Voile et fin de vie.
Certaines des autres grandes tendances de l’année passée font écho à d’autres enjeux de société, l’application du principe de laïcité à l’hôpital et la fin de vie. « Le personnel doit souvent s’adapter à certains rites » précise le rapport. Il doit ainsi remettre à plus tard des soins parce que le malade doit faire sa prière, reporter des prises de sang parce que le patient observe le ramadan ; il peut être confronté au refus de certaines patientes d’être examinées par un homme ou de se dévoiler voire de se déshabiller. Le Médiateur recommande « la mise en place de référents entre les établissements de santé et les différentes obédiences ». Un fait nouveau est signalé : le port par le personnel soignant de signes religieux ostensibles comme le voile, contrevenant à la circulaire du 2 février 2005.

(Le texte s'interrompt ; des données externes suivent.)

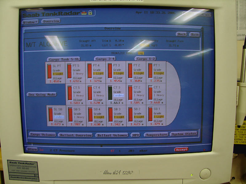 Tank discharge on VLCC Algarve
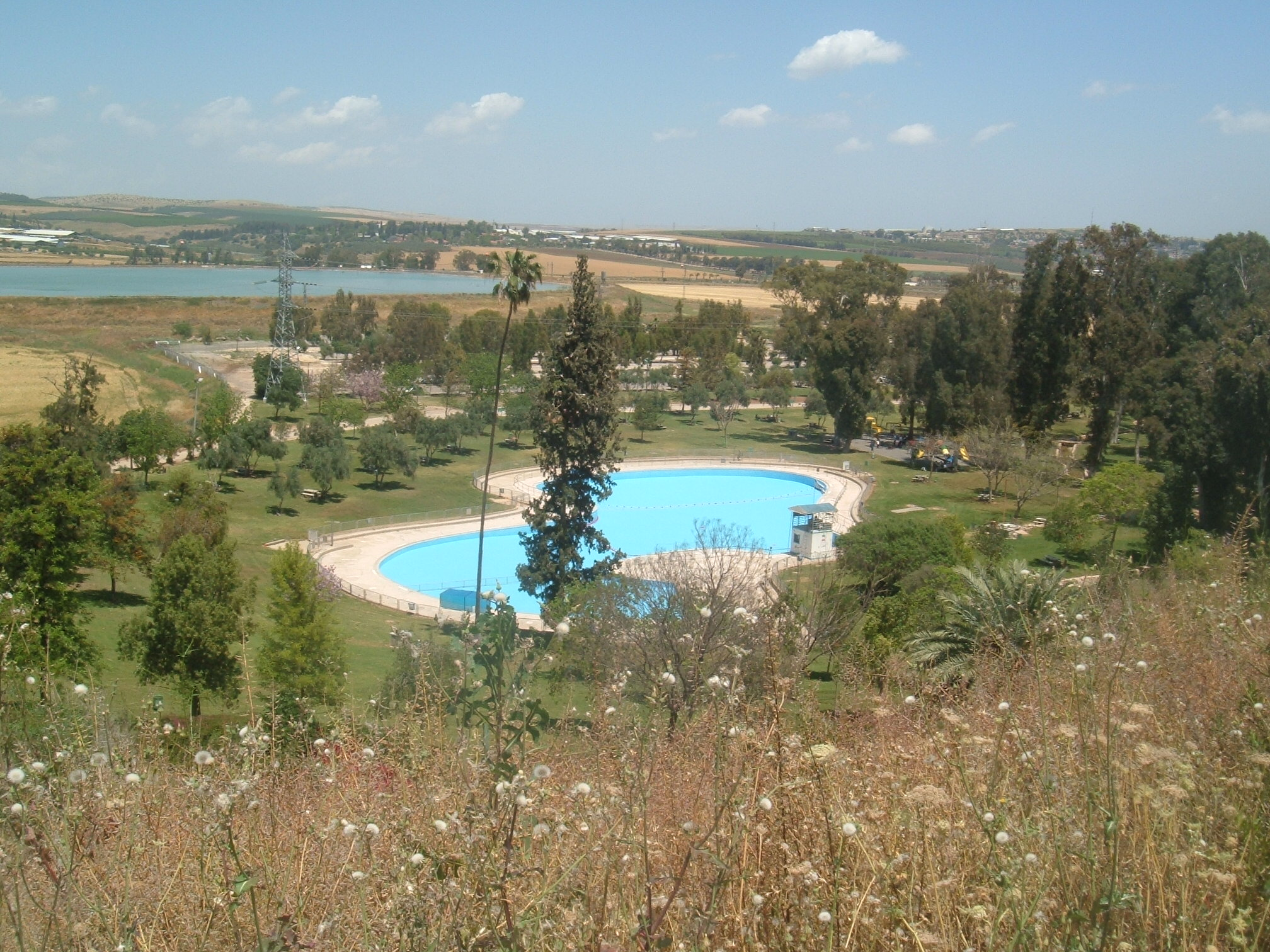 general view of maayan harod national garden in Israel מראה כללי של הגן הלאומי מעיין חרוד, כפי שנראה מקבר יהושוע חנקין

À propos de la loi Leonetti, le rapport ne peut que constater : « Au cours de l’année, le pôle a été destinataire de près d’une cinquantaine de témoignages qui ont permis de faire le même constat : les principales dispositions de la loi du 22 avril 2005 sur la fin de vie sont souvent ignorées ou mal comprises et en sont, en conséquence, pas ou insuffisamment appliquées. Méconnue des professionnels, la loi l’est tout autant des malades et de leurs familles. » Le rapport souligne toutefois quelques difficultés dans son application, comme la frontière ténue entre « laisser mourir » et « faire mourir », les difficultés liées à la définition de la personne de confiance – peu ont été désignés à ce jour –, le fait que la décision reste avant tout une décision médicale.